The curriculum of this program includes advanced mathematics, economic theory, and computational methods, all with a focus on open source languages, collaboration, and exposition. Programming at the boot camp will be mostly in Python. We will also use the collaborative open source platforms of git and GitHub extensively.
The OSM Lab boot camp curriculum will draw from the resources of quant-econ.net produced by Sargent and Stachurski, and the curriculum of the Brigham Young University Macroeconomics and Computational Laboratory. Both of these programs have a rich track record in producing a pipeline of students with a modern base of computational and theoretical skills for careers in research. Student researchers who complete the OSM Lab boot camp will emerge with a rich set of computational tools, experience in successfully applying those tools to macroeconomic questions, and the ability to collaborate effectively.
The director of the OSM Lab is Dr.

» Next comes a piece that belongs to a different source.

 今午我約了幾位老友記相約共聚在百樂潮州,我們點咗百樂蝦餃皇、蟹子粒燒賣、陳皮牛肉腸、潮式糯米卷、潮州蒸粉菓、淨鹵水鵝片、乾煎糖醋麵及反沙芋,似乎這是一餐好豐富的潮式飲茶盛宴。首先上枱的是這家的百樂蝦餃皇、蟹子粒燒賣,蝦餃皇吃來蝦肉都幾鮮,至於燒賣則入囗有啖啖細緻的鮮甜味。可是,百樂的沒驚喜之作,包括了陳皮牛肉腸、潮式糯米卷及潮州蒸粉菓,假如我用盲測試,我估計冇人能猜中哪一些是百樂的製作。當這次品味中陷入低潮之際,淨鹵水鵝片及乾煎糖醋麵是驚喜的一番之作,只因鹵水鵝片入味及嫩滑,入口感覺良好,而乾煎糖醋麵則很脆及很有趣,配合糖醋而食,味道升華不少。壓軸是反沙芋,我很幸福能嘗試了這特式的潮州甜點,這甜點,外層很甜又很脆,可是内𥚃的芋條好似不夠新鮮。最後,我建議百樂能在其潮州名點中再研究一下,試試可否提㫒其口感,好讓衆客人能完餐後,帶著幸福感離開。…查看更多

Richard W. Evans, senior lecturer in the M.A. Program in Computational Social Science at the University of Chicago and fellow at the Becker Friedman Institute.
Other instructors during the summer include:
- Lars Hansen, University of Chicago
- Thomas Sargent, New York University
- John Stachurski, Australia National University
The deadline to apply was Feb. 12; applications are now closed.

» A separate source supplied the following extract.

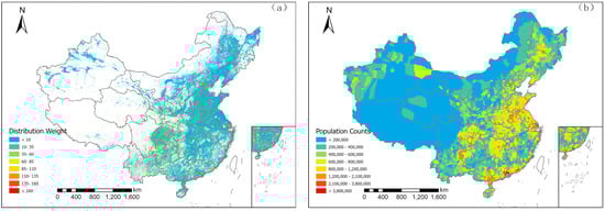 (a) Population distribution weight map of mainland China. (b) Third-level resident population count map of mainland China.

Direct any questions to Richard Evans.
Past Participants' Experience
Below are testimonials from past participants of the Macroeconomics and Computational Laboratory boot camp at BYU. All of these students were advanced undergraduates when they participated in the boot camp; they are now successful PhD students in top programs.
“I came out of boot camp feeling like I really knew how to program. ...what I learned in boot camp was extremely useful, if for no other reason than I learned how to work through difficult problems. I really enjoyed the collaborative work environment. Even after boot camp was over I've continued working with some of the same students, which has made the last few semesters much easier than they would have been otherwise.”—
— David Beheshti, current third-year PhD student at the University of Texas at Austin
“I really enjoyed the collaboration between students. The class was fast-paced and required that we developed a strong trust between classmates in order to work together and assist in each other's learning process. I also really enjoyed the openness of both the professors and the TAs. I felt confident that when I had questions they would be more than willing to set aside a few minutes in order to help me understand the material. I loved the difficulty of the class.... boot camp is certainly the name that is appropriate for the class. Boot camp was a totally new experience. I had never been required to push myself so hard to understand such large quantities of material. The environment in which such an intelligent group of students is able to gather together and understand a high level of material made it some of the most interesting weeks of my year.”
— Chase Coleman, current fourth-year PhD student at New York University Stern School of Business
“Boot camp was the most unique learning experience I have had at [my university]. The structured, direct teaching style coupled with the rigorous coursework made for an awesome and highly productive two months. Being new to high-level economics and academic research in general, I feel that without the boot camp experience I wouldn't be prepared for my position as a research assistant or applications to graduate school. I would highly recommend boot camp to any aspiring economics student, or anyone interested in learning advanced applied mathematics and computer science.”
— Spencer Lyon, current fourth-year PhD student at New York University Stern School of Business
“The only thing I can say about boot camp is that the six weeks of mental abuse have had the highest returns out of any other class I have taken as an undergraduate. Looking back at conferences I have attended, journal articles I have read, and research I have done, I feel like the shades of ignorance have been removed and that I can finally understand and contribute to the academic and economic research world.”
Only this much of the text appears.